[Instructions for the task]
Take the lines from the line containing "融合多樣活動,吃喝玩樂盡在車" through the end of the entries and output them exactly, with no pictures and nothing more.

[Information given]
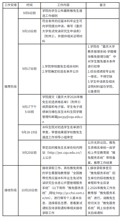 根据教育部2026年推免工作会议精神,按照《全国普通高等学校推荐优秀应届本科毕业生免试攻读硕士学位研究生工作管理办法(试行)》(教学〔2006〕14号)、《教育部办公厅关于进一步规范和加强推荐优秀应届本科毕业生免试攻读研究生工作的通知》(教学厅〔2020〕12号)以及《重庆大学推荐优秀应届本科毕业生免试攻读研究生工作管理办法》(重大校发〔2021〕63号),经重庆大学推免生遴选工作领导小组研究决定,我校2026年推荐优秀应届本科毕业生免试攻读研究生工作即日正式启动。现将有关事宜通知如下:
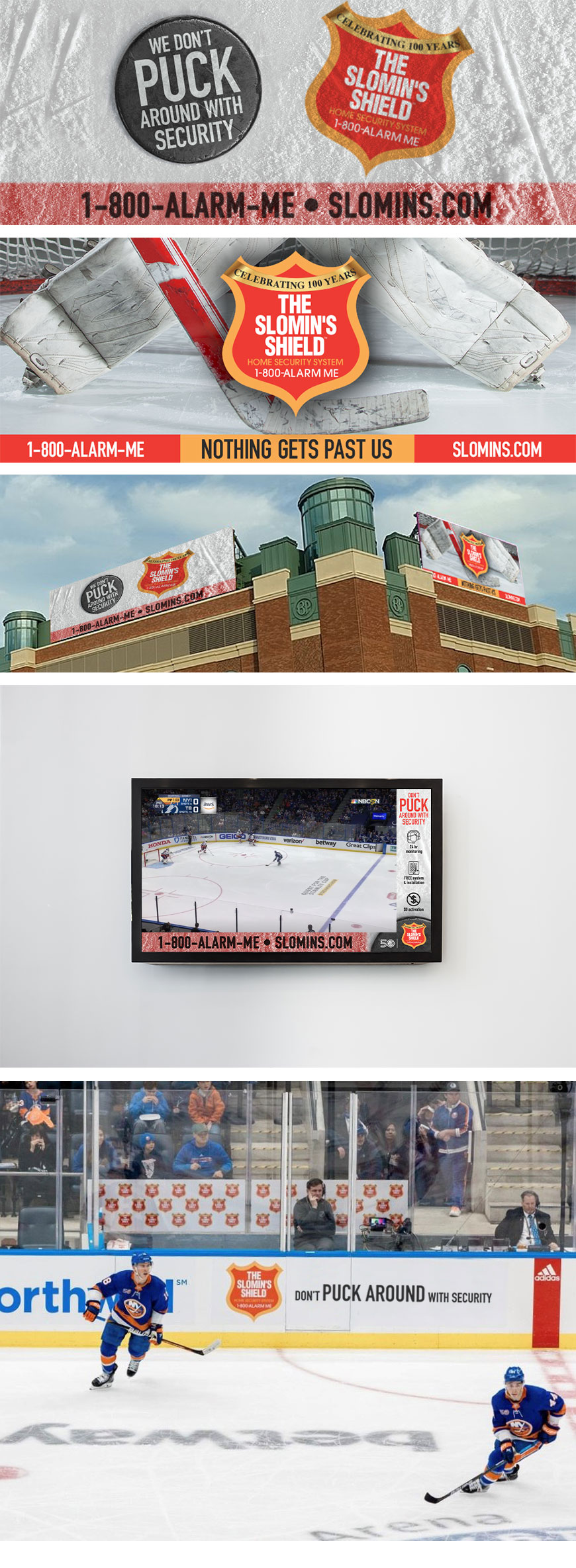 What happens when you mix one local long-standing company with one professional local hockey team? A very clever ad campaign. Celebrating 100 years in business, Slomin's became an official sponsor of the NY Islanders, who are celebrating 50 years of their team. Using a clever tagline, Slomin's celebrated this partnership with a full stadium takeover created by myself. For all home games, there are 2 digital billboard designs that can be seen from outside the stadium, an L-Wrap that surrounds broadcasts on all in-stadium monitors, a dasher rink wall panel, and a Slomin's pattern wall in the penalty box. When millions of eyes watch the Islanders, they get to see our memorable advertising.
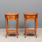 Paar niervormige rozenhoutgefineerde tafeltjes met bronzen beslag en bloemvormig inlegwerk in veld van parqueterie, 20e eeuw, 69 x 42 x 32 cm
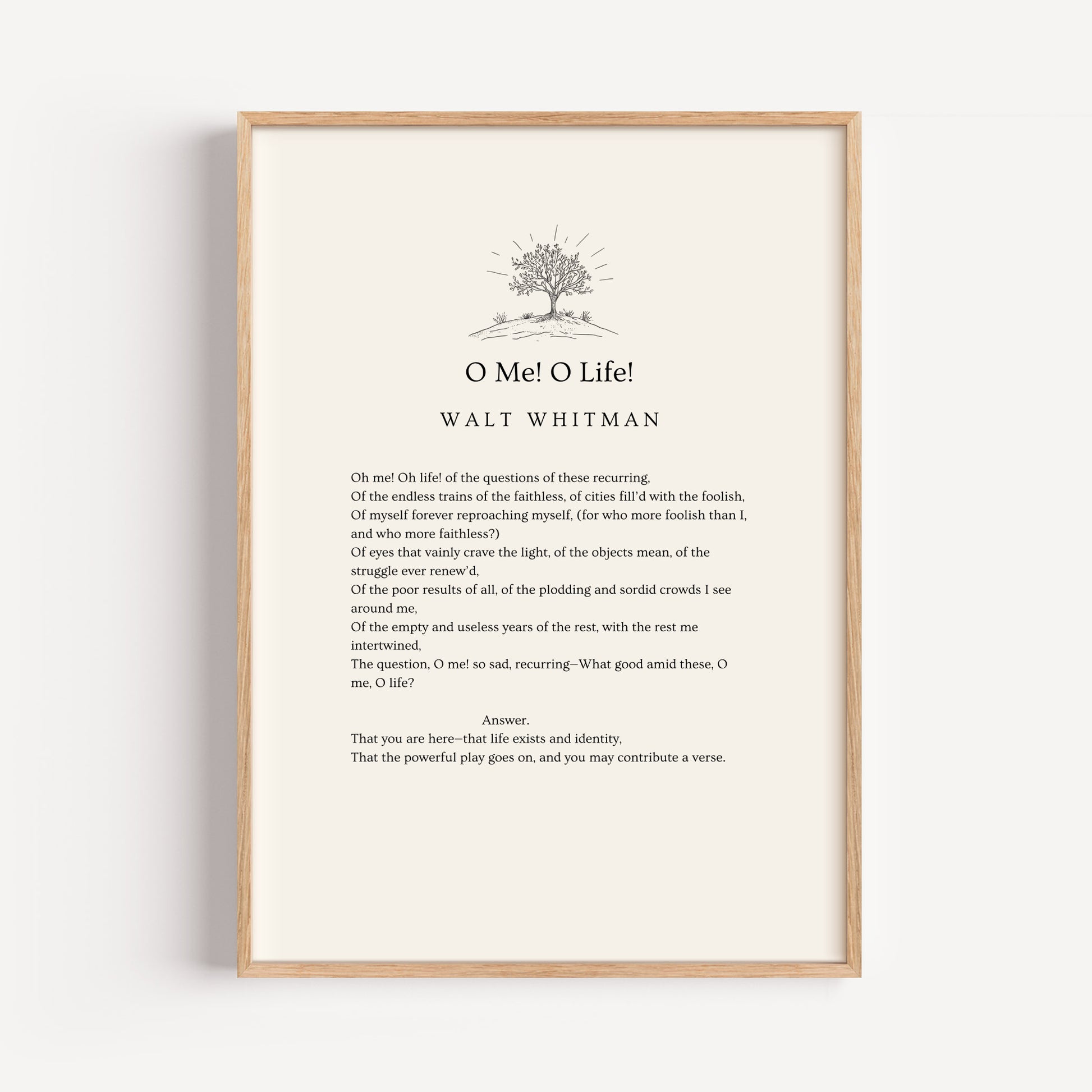 Add depth to your space with this thoughtful "O Me! O Life!" print by Walt Whitman. Its simple design is perfect for inspiring quiet contemplation in offices or creative spaces. Professionally giclée printed on FSC-certified 200gsm fine art paper, available in multiple sizes—a meaningful gift for literature lovers.
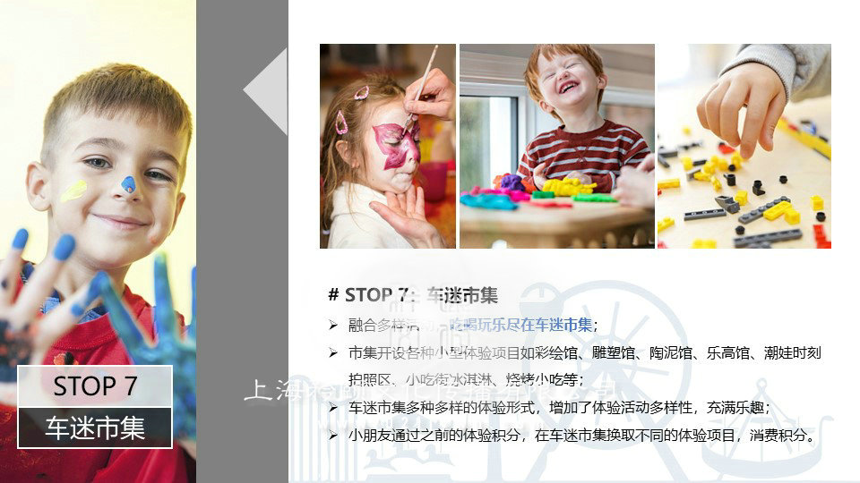 融合多樣活動,吃喝玩樂盡在車迷市集;市集開設各種小型體驗項目如彩繪館、雕塑館、陶泥館、樂高館、潮娃時刻拍照區(qū)、小吃街冰淇淋、燒烤小吃等;車迷市集多種多樣的體驗形式,增加了體驗活動多樣性,充滿樂趣;小朋友通過之前的體驗積分,在車迷市集換取不同的體驗項目,消費積分。
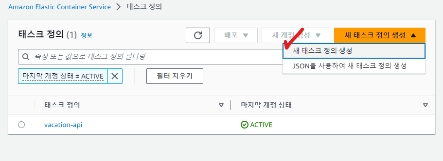 JSON으로 작성하는 것은 자신이 없기에 새 태스크 정의 생성 클릭
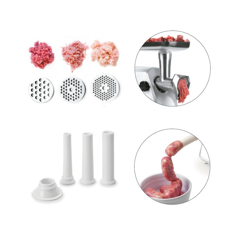 Électrique hachoir à viande Professionnel, avec un corps de fonte d'aluminium, 3 disques perforés en acier inoxydable et 4 accessoires supplémentaires.

[The answer]
 融合多樣活動,吃喝玩樂盡在車迷市集;市集開設各種小型體驗項目如彩繪館、雕塑館、陶泥館、樂高館、潮娃時刻拍照區(qū)、小吃街冰淇淋、燒烤小吃等;車迷市集多種多樣的體驗形式,增加了體驗活動多樣性,充滿樂趣;小朋友通過之前的體驗積分,在車迷市集換取不同的體驗項目,消費積分。
 JSON으로 작성하는 것은 자신이 없기에 새 태스크 정의 생성 클릭
 Électrique hachoir à viande Professionnel, avec un corps de fonte d'aluminium, 3 disques perforés en acier inoxydable et 4 accessoires supplémentaires.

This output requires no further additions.